魂纹一层压着一层,时而化作细密魂索,缠住他的腕骨、踝骨、脊背。时而散成湿冷雾气,贴着他的胸膛往魂体里面钻。
「我应该是被封在魂幡里面!」红袍客勃然大怒。
他开始挣扎,旋即就彻底暴露了自身的虚弱。
红袍客低头看向自己的身躯。
魂身已经极为淡薄,猩红轮廓残缺不全,胸口处有一道幽蓝裂痕贯穿前后。
有一线冷芒藏在裂口深处,闪灭之间,便有刀刃刮骨般的痛意沿着魂魄攀升。
「是那个道器————」
垂天一线钩留下的痕迹,比死亡更难缠。
这一刻,云泽演武场的画面从他的记忆深处翻起。
云湖猩红,血浪横空。白浪垂天蝠鱼腹腔炸裂,八臂搬云章被他撕成碎絮,折天袖鹤在掌下断颈,残阳噬血鸦吞了他的血,转眼又被血丹炸成妖血红雨。
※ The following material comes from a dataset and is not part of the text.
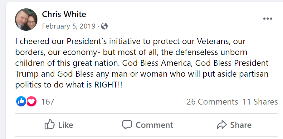 Thanks largely to the preaching of Wayne Kirk, Chris White has been exposed to a steady diet of White Christian Nationalism for two decades. When you share Brother Wayne’s most controversial sermons on Facebook (as White once did), you endorse the message.

云壶道人贴着阵法光幕滑落,胸口塌陷,满脸血污。那一刻,红袍客只差一步,便能将这牧云养兽的道人拍成碎肉。
但就在下一瞬,苍穹垂落一线。
钩锋冷白,幽蓝寒星钉入魂底,空间被硬生生压住。化血遁法刚起,便被道器伟力逼回肉身。血海咆哮,血魔丹沸腾,他伸手去抓那一钩,血影手掌却被轻轻切开。
随后,性命断绝。
元婴消亡。
一身修为散成云泽上方的血雾。
「是我败了!」
红袍客忽然笑起来。
笑声在魂幡里面回荡,沙哑、干涩,像血痂擦过粗石。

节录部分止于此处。